# Music you are listening everyday



## Richannes Wrahms (Jan 6, 2014)

At the moment I'm listening to Brahms and in particular the 4th symphony everyday. I've done similarly with various works by Boulez (most notably Le Marteau Sans Maître and the Notations for orchestra) in the past.

I figured people do the same from time to time; be it a single piece (even a particular performance!), a composer, an interpreter or a genre.


----------



## starthrower (Dec 11, 2010)

This starting yesterday. I'll have to get a CD.


----------



## Allegro Con Brio (Jan 3, 2020)

I’ve been starting each listening session (well, 80% of the time anyway) with a Bach cantata, working chronologically through the BWV numbers. I started two months ago and I’m on BWV 44! At this rate I’ll be done listening through and studying all of Bach’s works in about 2 years


----------



## UniversalTuringMachine (Jul 4, 2020)

starthrower said:


> This starting yesterday. I'll have to get a CD.

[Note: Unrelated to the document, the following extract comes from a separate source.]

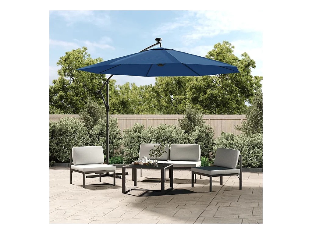 Parasol déporté à LED et mât en acier 300 cm Azuré FR16539

Those Zimerman ballads are the most "perfect" things I have ever heard on CD. I bet they are patched up by more than a hundred takes like a Frankenstein.


----------



## SanAntone (May 10, 2020)

Bach
Duke Ellington
Some kind of Bluegrass or Old Time music
Other stuff


----------



## mbhaub (Dec 2, 2016)

Today I listened to all of the Klemperer EMI recordings of Mahler, with DLVDE left to go. Boy, that 7th is one tough one to get through. Those slow tempos in the outer movements are just torture.


----------



## ORigel (May 7, 2020)

I used to listen to the New World Symphony everyday.

Then it was Bruckner symphonies.

Later, it was Beethoven's late quartets.


----------



## Allegro Con Brio (Jan 3, 2020)

mbhaub said:


> Today I listened to all of the Klemperer EMI recordings of Mahler, with DLVDE left to go. Boy, that 7th is one tough one to get through. Those slow tempos in the outer movements are just torture.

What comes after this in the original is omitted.